(AIM OF THE EXERCISE) Each line below from the line with "9ct White &" to the line with "男性の飼い主さんとぎゅーっとくっつき合いながら、" must be copied exactly, including those two, and no picture may appear in the copy.

(ENTRIES PROVIDED)
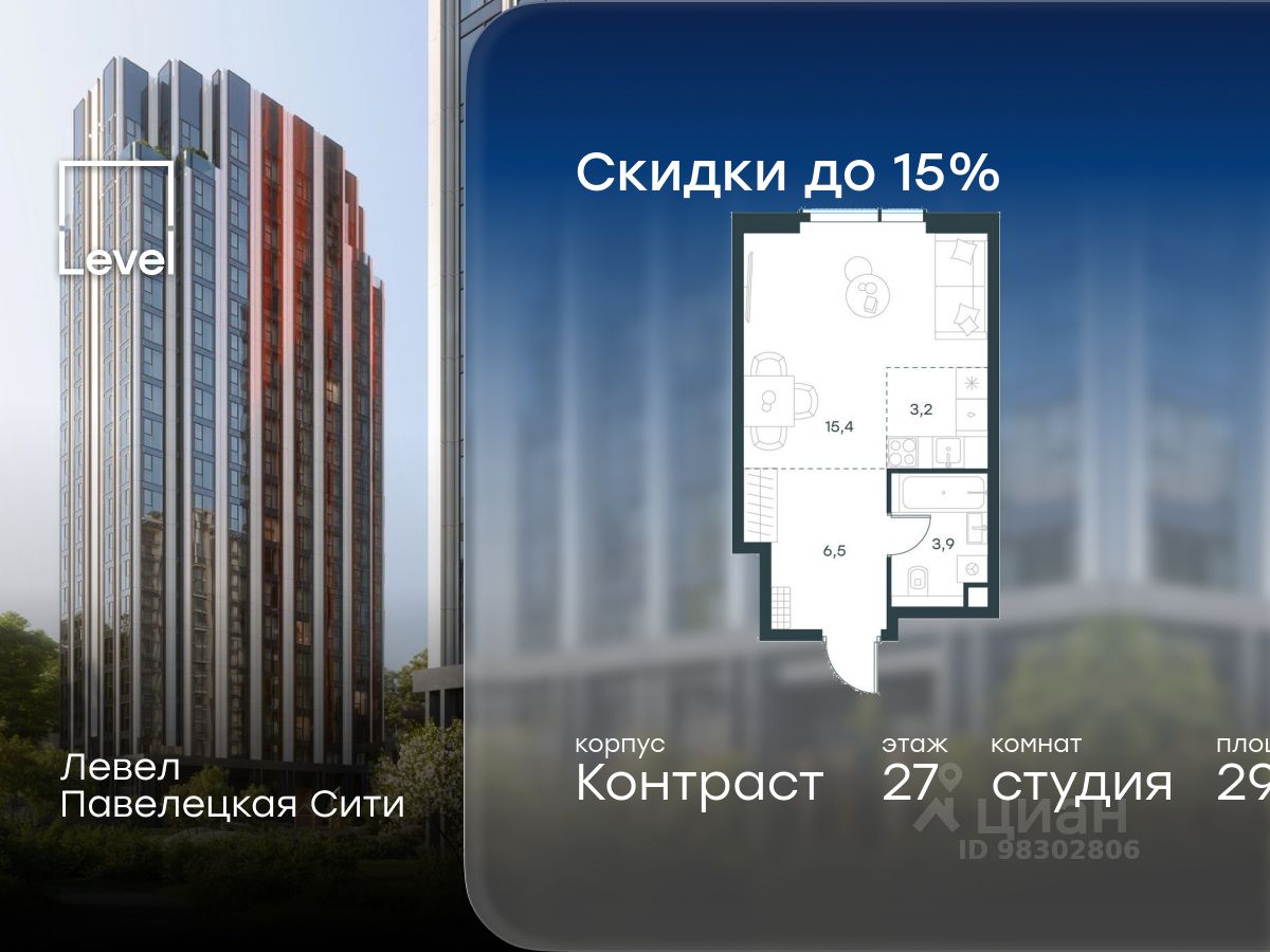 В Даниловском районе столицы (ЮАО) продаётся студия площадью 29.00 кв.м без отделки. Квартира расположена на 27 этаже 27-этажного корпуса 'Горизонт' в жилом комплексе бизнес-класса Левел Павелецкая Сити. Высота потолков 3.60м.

* * *

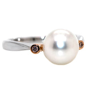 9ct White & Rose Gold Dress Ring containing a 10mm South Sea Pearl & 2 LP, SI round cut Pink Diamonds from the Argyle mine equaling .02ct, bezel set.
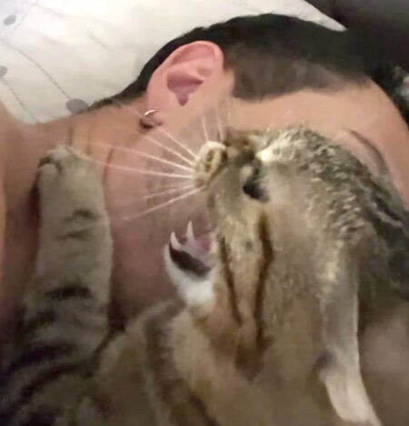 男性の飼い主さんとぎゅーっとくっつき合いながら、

(RESULT FOR THIS EXERCISE)
 9ct White & Rose Gold Dress Ring containing a 10mm South Sea Pearl & 2 LP, SI round cut Pink Diamonds from the Argyle mine equaling .02ct, bezel set.
 男性の飼い主さんとぎゅーっとくっつき合いながら、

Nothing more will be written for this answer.